What to produce:
Keep images out and repeat all data exactly.

Data extract:
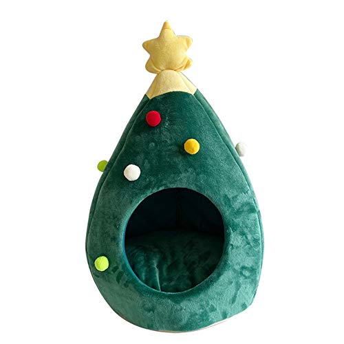 Juntful - Cuccia a Forma di Albero di Natale, semichiusa, Morbida Cuccia per Gatti e Cani, Small
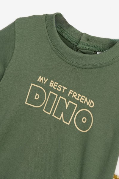 Βρεφικό σετ βερμούδα for Funky Kids για αγόρι από 6 έως 24 μηνών. Μπλούζα σε χακί χρώμα με τύπωμα, βερμούδα σε χρώμα βανίλια με ολόσωμο τύπωμα.
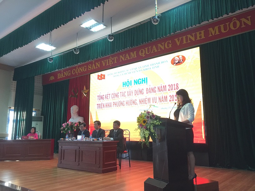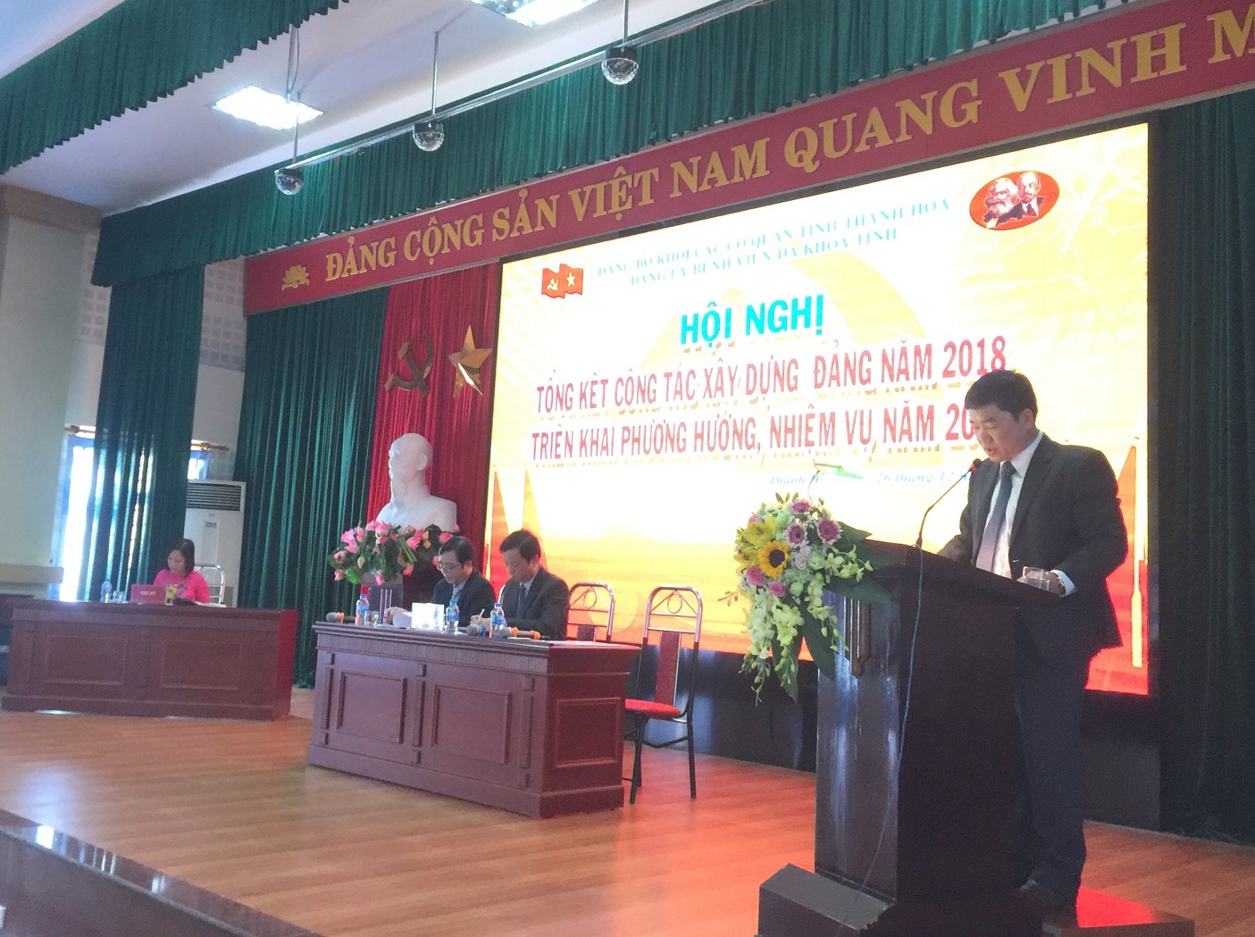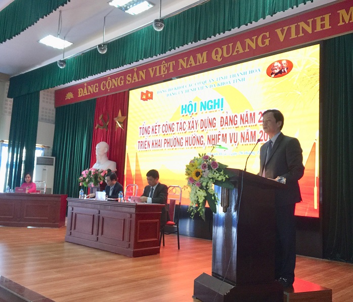 Thực hiện hướng dẫn số 26-HD/ĐUK ngày 29/11/2018 của Đảng ủy Khối các cơ quan tỉnh Thanh Hóa về hướng dẫn xếp loại chất lượng Tổ chức cơ sở Đảng, đảng viên và tổng kết công tác xây dựng đảng, công tác thi đua khen thưởng năm 2018 và triển khai phương hướng, nhiệm vụ năm 2019, chiều ngày 26/12/2018, Đảng bộ Bệnh viện Đa khoa tỉnh Thanh Hóa đã tổ chức Hội nghị tổng kết công tác xây dựng Đảng năm 2018, triển khai phương hướng, nhiệm vụ năm 2019.

Answer to this task:
 Juntful - Cuccia a Forma di Albero di Natale, semichiusa, Morbida Cuccia per Gatti e Cani, Small
 Βρεφικό σετ βερμούδα for Funky Kids για αγόρι από 6 έως 24 μηνών. Μπλούζα σε χακί χρώμα με τύπωμα, βερμούδα σε χρώμα βανίλια με ολόσωμο τύπωμα.
 Thực hiện hướng dẫn số 26-HD/ĐUK ngày 29/11/2018 của Đảng ủy Khối các cơ quan tỉnh Thanh Hóa về hướng dẫn xếp loại chất lượng Tổ chức cơ sở Đảng, đảng viên và tổng kết công tác xây dựng đảng, công tác thi đua khen thưởng năm 2018 và triển khai phương hướng, nhiệm vụ năm 2019, chiều ngày 26/12/2018, Đảng bộ Bệnh viện Đa khoa tỉnh Thanh Hóa đã tổ chức Hội nghị tổng kết công tác xây dựng Đảng năm 2018, triển khai phương hướng, nhiệm vụ năm 2019.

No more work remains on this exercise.